What is needed is an exact repetition of the lines below, from the first one through the one holding "Figura 4: Bill Viola, The Passing (1990)", with no pictures and nothing else.

[TASK MATERIAL]
++++++

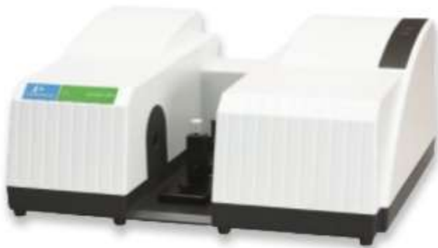
اسپکتروفتومتر UV-Visible مدل LAMBDA 465

اسپکتروفتومتر UV-Vis مدل LAMBDA 465، محصول شرکت PerkinElmer، کشور آمریکا می باشد. اسپکترومتر مرئی-ماوراءبنفش مدل LAMBDA 465 با قابلیت استفاده ساده، مقرون به صرفه، دارای سیستم UV / Vis تک پرتویی و با قابلیت جمع آوری داده ها و حداکثر قابلیت اطمینان می باشد. اسپکتروسکوپی UV-Visible مدل LAMBDA 465 سیستمی مناسب برای محدوده گسترده ای از آزمایشگاه های محیط زیست و R&D می باشد که تجزیه و تحلیل های متداول را انجام می دهد. آشکارساز فوتودیود (PDA) اسپکتروفتومتر UV-Vis را قادر می سازد تا داده ها را به طور همزمان در سراسر طول موج کامل از ۱۹۰ نانومتر تا ۱۱۰۰ نانومتر شناسایی کند. پردازش کامل داده ها در کمتر از سه ثانیه توسط اسپکتروفتومتر UV-Vis مدل LAMBDA 465 صورت میگیرد. علاوه بر آن، طراحی مدولار طیف سنج مرئی-فرابنفش مدل LAMBDA 465 بدون هیچ بخش متحرکی، برای استفاده در هر آزمایشگاه ایده آل می باشد.
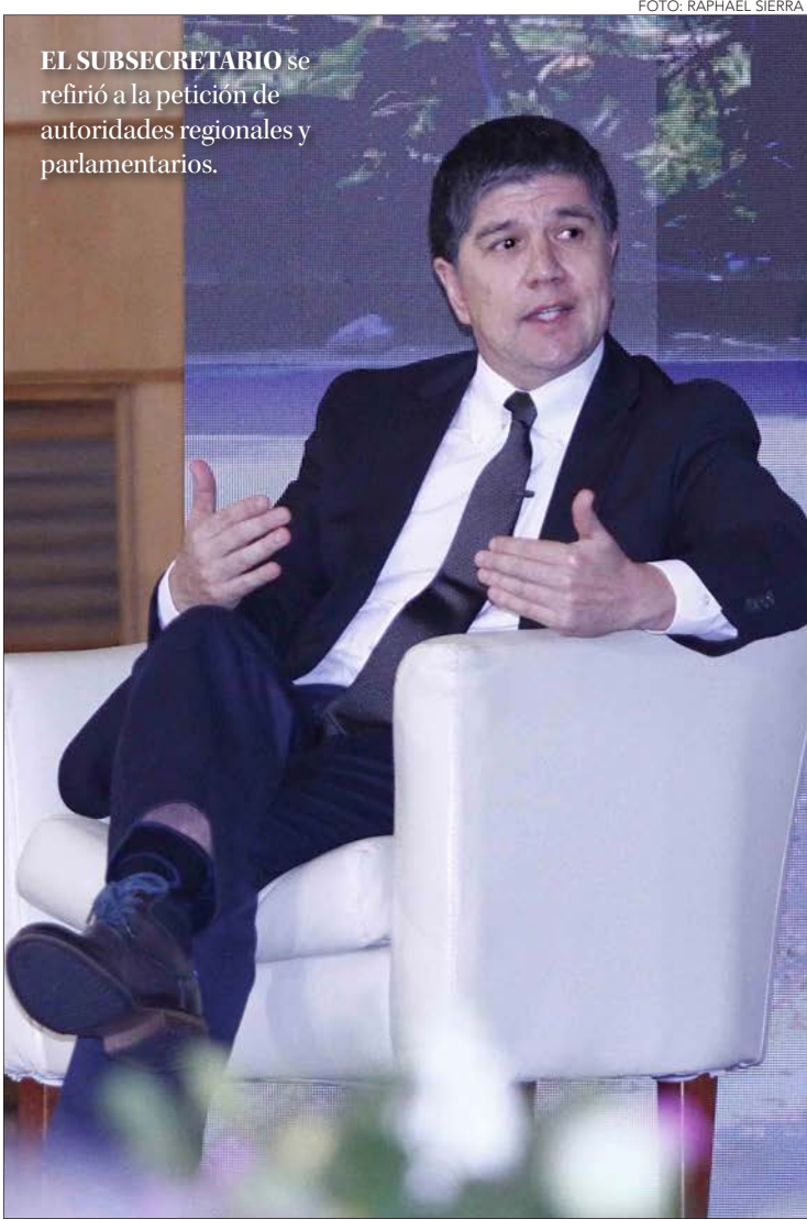
EL SUBSECRETARIO se refirió a la petición de autoridades regionales y parlamentarios.
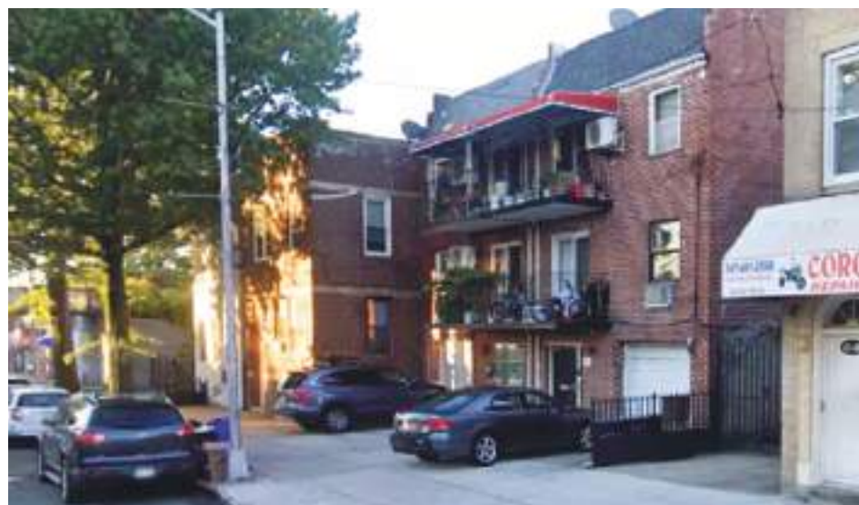
Casa donde aparentemente residía el sindicado.
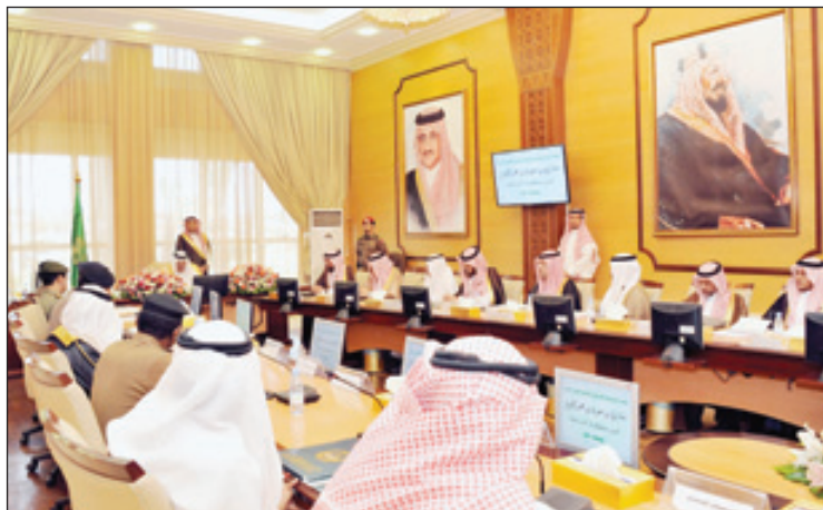
الأمير مشاري بن سعود يعقد اجتماعاً موسعاً مع المحافظين والمسؤولين في المنطقة

العقيد فهد الشريف، أنه إنفاذاً لهذا التوجيه فقد أنهت وزارة الحرس الوطني جميع الترتيبات اللازمة لاستضافة أسر الشهداء من منسوبي الحرس الوطني الراغبين في أداء مناسك الحج لهذا العام لكل أسرة، لأداء مناسك الحج بمشقة الله، وذلك بالتعاون مع وكالة الحرس الوطني بالقطاع الغربي. مما يُذكر أن هذا التوجيه يعد امتداداً لحرص صاحب السمو الملكي الأمير متعب بن عبدالله بن عبدالعزيز على أسر الشهداء من منسوبي الحرس الوطني ونوحيهم وعائلاتهم، والعمل على تأمين سبل الحياة الكريمة لهم.
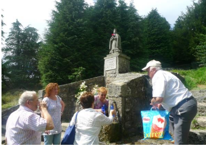
FONTE DA VIRXE DO FARO (REQUEIXO) (CHANTADA). DEVOTOS BEBENDO AUGA E LEVANDO A EN BOTELLAS PARA AS SÚAS FACENDAS.
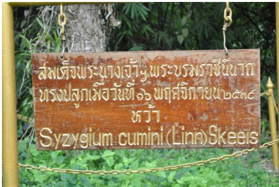
ภาพที่ ๗ ป้ายชื่อผู้ทรงปลูกและชื่อต้นไม้

๓.๑ สมเด็จพระนางเจ้าฯ พระบรมราชินีนาถ ทรงปลูกต้นหว้า (บ้านราชาวดี) จำนวน ๑ ต้น เมื่อวันที่ ๑๖ พฤศจิกายน ๒๕๓๙
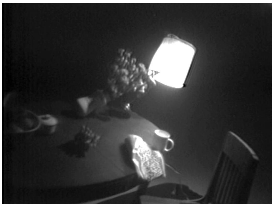
Figura 4: Bill Viola, The Passing (1990)

The Passing é o primeiro filme onde Bill Viola começou a usar a sua vida pessoal como inspiração. Aqui, a noção de responsabilidade está presa com um passado mais pessoal que histórico. Viola intercala imagens da sua mãe morrendo com imagens dos seus últimos anos de vida, sempre em conexão com imagens do seu primeiro filho em criança. A perda da sua mãe desperta-o para a alteridade, a antecipação da sua própria morte, bem com a de todos os outros seres. No entanto, perante a alteridade inatingível da sua mãe, o tempo abre espaço à reconciliação do passado que se liberta. «As recordações, à procura do tempo perdido, proporcionam sonhos, mas não devolvem as ocasiões perdidas.» (Lévinas, 1980, p. 261-262)
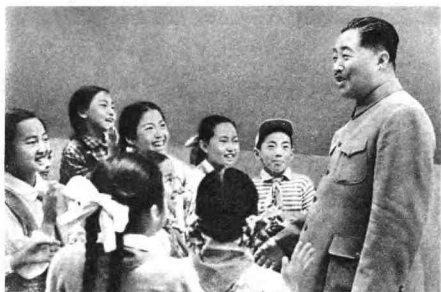
贺龙同志和少先队员在一起。
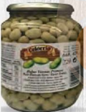
CELORRIO TARRO DE HABAS 1º P.E 720 ml. Caja 12 uds Cod: 2164
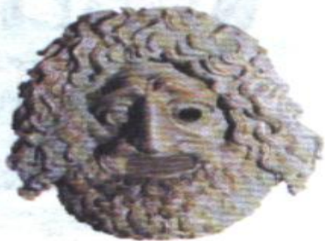
Бронзовая маска актера

Со временем число актеров было увеличено до двух, а затем и до трех человек. Актерами были только мужчины. Они играли все роли, в том числе и женские. Для того, чтобы зрителям было ясно, кого именно они изображают, актеры надевали большие ярко раскрашенные маски.
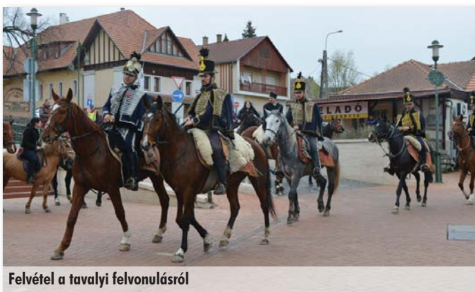
Felvétel a tavalyi felvonulásról
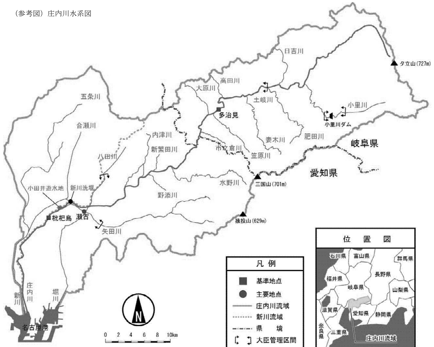
(参考図) 庄内川水系図
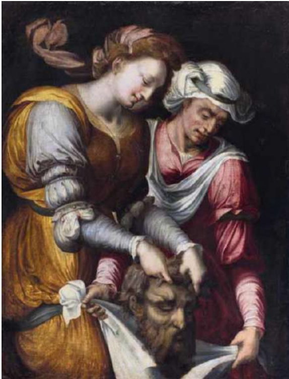
Iš Tyzenhauzų meno kolekcijos. A. del Sarto, Judita, laikanti Holoferno galvą, XVI a. pr.
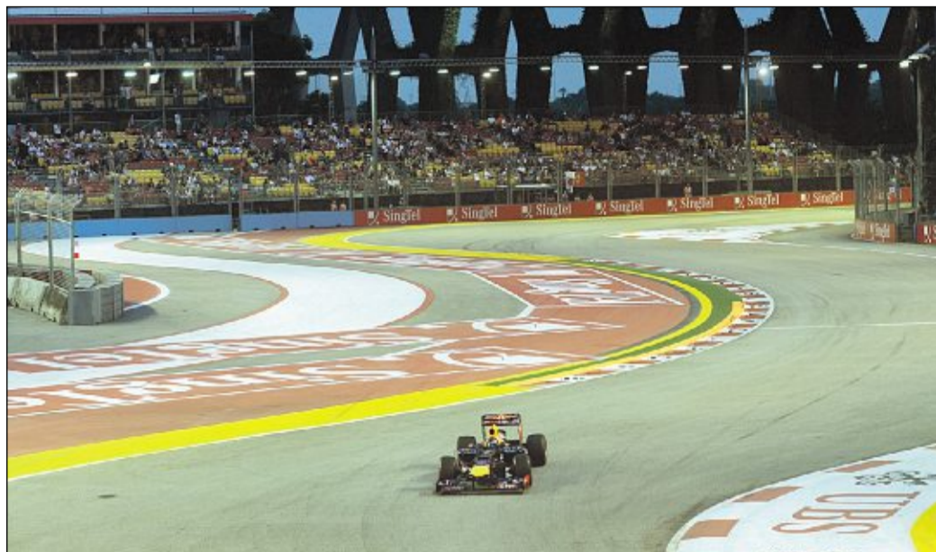
Sebastian Vettel muss sich mit Startposition 3 begnügen.

WM-Spitzenreiter Fernando Alonso (Ferrari) startet von Platz fünf hinter Jenson Button im zweiten McLaren. „Der fünfte Platz ist okay“, meinte der Spanier: „Ich habe im Rennen genug Möglichkeiten, aufzuholen. Dafür muss aber alles stimmen.“ Der aktuell Drittplatzierte Kimi Räikkönen (Lotus) belegte nur Rang 12. Die beiden Mercedes-Piloten Michael Schumacher und Nico Rosberg gehen nur von den Plätzen neun und zehn aus ins Rennen.
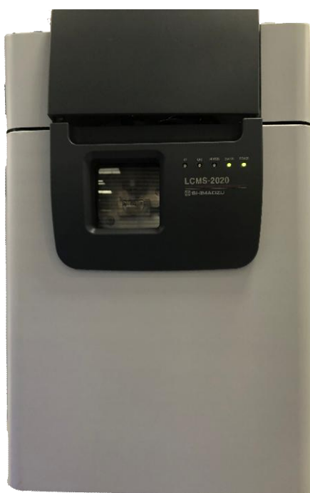
Рисунок 7 - Общий вид масс-спектрометрического детектора LCMS-2020
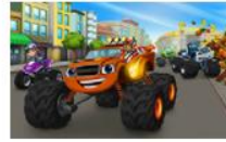
Пламъчко и машините 20 серии, 1 сезон
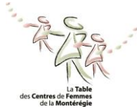
Table des centres de femmes de la Montérégie (TCFM)

Regroupant les centres de femmes de la Montérégie qui sont membres de L'R, cette table est le lieu de coordination des actions, de transmission d'informations, de formation et de soutien entre les centres. Son rôle principal est de faire le pont entre le comité de coordination de L'R et les centres. En 2018-2019, le Centre s'est investi dans le comité d'intégration d'un nouveau membre au sein du réseau. Il participe également au comité de partenaires ADS/Parité qui a pour objectif de travailler avec les municipalités et les MRC de la Montérégie afin qu'elles adoptent une politique égalité. De plus, une travailleuse et une membre du CA ont participé au congrès annuel.
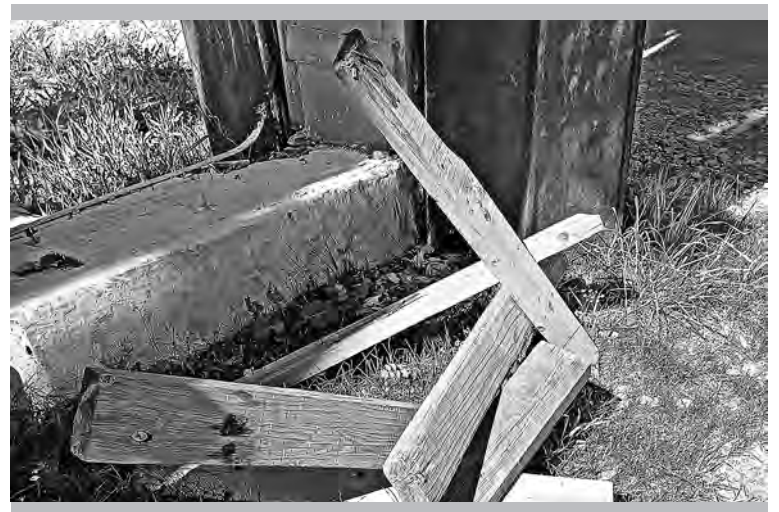
Территория цеха № 3 у лестницы, с торца здания
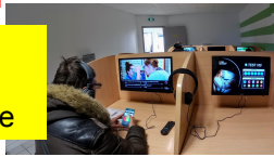
séries code sur poste individuel
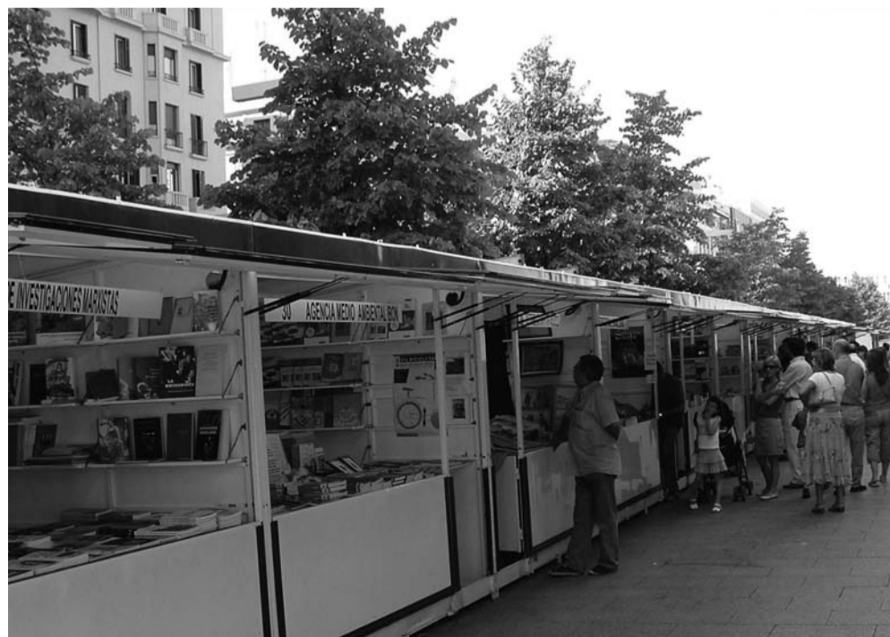
Casetas de la Feria del Libro de Zaragoza, situadas en el Paseo de la Independencia de Zaragoza. 2008.
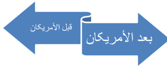
خط الزمن الروائي

المتأمل في بنية الشخصيات في رواية «مدن الملح» يرى أنّ هذه الرواية ليست مجالاً لخلق الشخصيات الفردية ومصيرها بل الكتاب يرنو من وراء هذه الشخصيات إلى ترسيم ملامح القوم العربي حيث تكونت الرواية من مشاهد عديدة، وفي كلّ مشهد يتعرف القارى على الشخصيات المتعددة لا سيّما عندما يروى الكاتب مصير العمال في شركة النفط التي أسّست في البلاد العربية؛ إنّ هذه الشخصيات ليست جوهرية ويكون عددها كبير حيث يصعب على الناقد تحليلها وفق الأسلوب القصصى المألوف عند النقاد وهذا لا يعنى أنّ رواية «مدن الملح» خالٍ من الشخصيات الفردية والمحورية وبتعبيرٍ آخر إنّ الشخصيات في هذه الرواية يمكن أن تكون مؤشرة دالة على المرحلة الاجتماعية التاريخية التي يعيشها الكاتب، ودالة على (مرشد، ٢٠٠٥: ٣٣). واقع يرسمه الكاتب في بداية الرواية بتوصيف ملامح قوم تغيّر شيئاً فشيئاً بدخول الأميركيان وهو مدقّ في ترسيم كل هذه التغييرات التي طرأت على العالم العربي كما أنّه منصف في توصيفه دون عصبية. تحاول هذه المقالة ترسيم خطوط أصلية لوجه الشخصية القومية للعرب إذ إنّ هذه الخطوط واللامح تتشكل شيئاً فشيئاً في الرواية بعقدة دخول الأميركيان في المنطقة العربية فينكسر الزمن الروائي إلى طورين: زمن قبل دخول الأميركيان وزمن بعد حضوره في المنطقة:
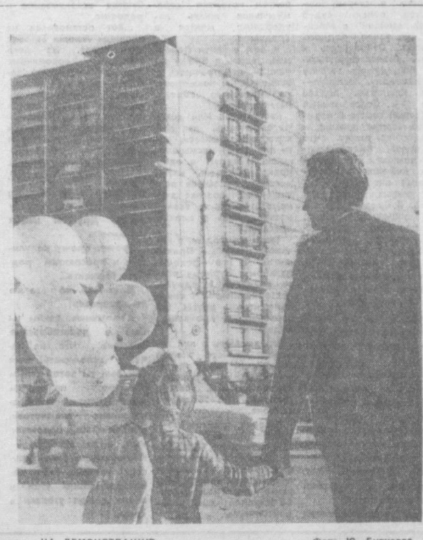
НА ДЕМОНСТРАЦИЮ.

ВА новостройки Болгарии из Ташкента отправлена первая в нынешнем году колесная передвижная компрессорная станция. Поставка этих машин начата заводом «Компрессор» с опережением графика. В адрес Болгарии предприятие отгрузит в 1970 году двадцать четыре компрессорных станции. — Восемнадцать лет назад завод впервые вышел на мировой рынок, — сказал заместитель главного инженера Т. Г. Гринберг. — С тех пор зарубежные фирмы 39-ти государств закупили у нас свыше тысячи передвижных компрессорных станций. Только с начала пятилетия их поставка на экспорт увеличилась в три раза. За восемь предыдущих лет мы не получили от иностранных покупателей ни одной рекламации. С будущего года предприятие предполагает приступить к поставке за рубеж новых, более совершенных компрессорных станций ротационного типа. По техническим характеристикам машины находятся на уровне мировых стандар- тов. При равной производительности ротационные станции на треть легче и вдвое долговечнее поршневых. Ташкентский завод первым в Советском Союзе освоил выпуск новых ротационных станций. Предприятие уже созданы два типа таких машин марок «РР-10» и «РР-16». Производительность одной из них — десять кубометров сжатого воздуха в минуту, другой — шестнадцать. Эти станции демонстрировались в Москве на ВДНХ СССР и получили высокую оценку специалистов.
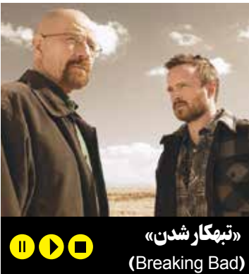
«تبهکار شدن» (Breaking Bad)

● ژانر: جنایی و درام پر راز و رمز ● کمپانی‌های سازنده: لینچ فراسنت پرو داکشنز، پروپا گاندا فیلمز و شوتایم ● خالقان: دیوید لینچ و مارک فراسنت ● بازیگران اصلی: کایل مک لاکلان، مایکل انتکین، مد چن آمیک، دانا اشبروک، ریچارد بیمر، لارا فلین بویل، شریلین فن، وارن فراسنت، یگی لیپتون، جیمز مارشال، اوه رت مک گیل، جک نانس و پایپر لوری ● موسیقی متن: آنجلو بادالامنتی ● تعداد فصل‌ها: ۳/ ● شمار اپیزودها: ۴۸ ● زمان بخش: آوریل ۱۹۹۰ تا ژوئن ۱۹۹۱ و مه تا سپتامبر ۲۰۱۷ ● موضوع: این کار سوررئال به سبک و سیاق تمامی آثار سینمایی دیوید لینچ، یک اثر هنری کاملاً لینچی و در نوع خود بی نظیر است و هواداران بسیاری دارد که همیشه از شیوه کار و نوع داستان گویی پر راز لینچ و ابهام‌ها و چیستان‌ها و آدم‌های غیر متعارف قصه‌های
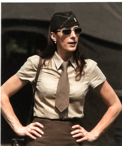
In amerikanischer Uniform.
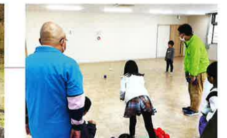
鳥見放課後子ども教室 「ポッチャ大会」 令和5年11月26日
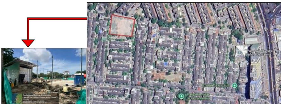
Imagen 1: Ubicación del proyecto Construcción, reconstrucción y adecuación de escenarios deportivos del distrito de Cartagena– Barrio Villas de la Candelaria
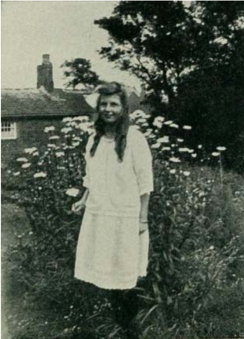
& ФРЕНСИС В 1920 ГОДУ &
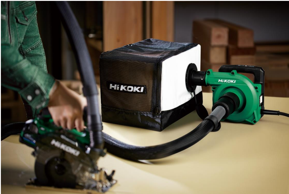
当製品の作業イメージ

工機ホールディングスジャパンはこれからも、販売パートナーのみなさまとともに、お客さま視点に立ったより良い製品の開発とサービスの向上に努め、販売パートナーのみなさまおよびお客さまへの信頼に応えていきます。
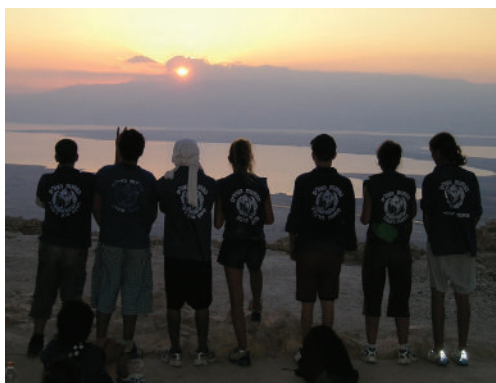
המחנות העולים. טיול שכבה בוגרת ארכיון המחנות העולים

++++++

[OUTPUT]
اسپکتروفتومتر UV-Visible مدل LAMBDA 465

اسپکتروفتومتر UV-Vis مدل LAMBDA 465، محصول شرکت PerkinElmer، کشور آمریکا می باشد. اسپکترومتر مرئی-ماوراءبنفش مدل LAMBDA 465 با قابلیت استفاده ساده، مقرون به صرفه، دارای سیستم UV / Vis تک پرتویی و با قابلیت جمع آوری داده ها و حداکثر قابلیت اطمینان می باشد. اسپکتروسکوپی UV-Visible مدل LAMBDA 465 سیستمی مناسب برای محدوده گسترده ای از آزمایشگاه های محیط زیست و R&D می باشد که تجزیه و تحلیل های متداول را انجام می دهد. آشکارساز فوتودیود (PDA) اسپکتروفتومتر UV-Vis را قادر می سازد تا داده ها را به طور همزمان در سراسر طول موج کامل از ۱۹۰ نانومتر تا ۱۱۰۰ نانومتر شناسایی کند. پردازش کامل داده ها در کمتر از سه ثانیه توسط اسپکتروفتومتر UV-Vis مدل LAMBDA 465 صورت میگیرد. علاوه بر آن، طراحی مدولار طیف سنج مرئی-فرابنفش مدل LAMBDA 465 بدون هیچ بخش متحرکی، برای استفاده در هر آزمایشگاه ایده آل می باشد.
EL SUBSECRETARIO se refirió a la petición de autoridades regionales y parlamentarios.
Casa donde aparentemente residía el sindicado.
الأمير مشاري بن سعود يعقد اجتماعاً موسعاً مع المحافظين والمسؤولين في المنطقة

العقيد فهد الشريف، أنه إنفاذاً لهذا التوجيه فقد أنهت وزارة الحرس الوطني جميع الترتيبات اللازمة لاستضافة أسر الشهداء من منسوبي الحرس الوطني الراغبين في أداء مناسك الحج لهذا العام لكل أسرة، لأداء مناسك الحج بمشقة الله، وذلك بالتعاون مع وكالة الحرس الوطني بالقطاع الغربي. مما يُذكر أن هذا التوجيه يعد امتداداً لحرص صاحب السمو الملكي الأمير متعب بن عبدالله بن عبدالعزيز على أسر الشهداء من منسوبي الحرس الوطني ونوحيهم وعائلاتهم، والعمل على تأمين سبل الحياة الكريمة لهم.
FONTE DA VIRXE DO FARO (REQUEIXO) (CHANTADA). DEVOTOS BEBENDO AUGA E LEVANDO A EN BOTELLAS PARA AS SÚAS FACENDAS.
ภาพที่ ๗ ป้ายชื่อผู้ทรงปลูกและชื่อต้นไม้

๓.๑ สมเด็จพระนางเจ้าฯ พระบรมราชินีนาถ ทรงปลูกต้นหว้า (บ้านราชาวดี) จำนวน ๑ ต้น เมื่อวันที่ ๑๖ พฤศจิกายน ๒๕๓๙
Figura 4: Bill Viola, The Passing (1990)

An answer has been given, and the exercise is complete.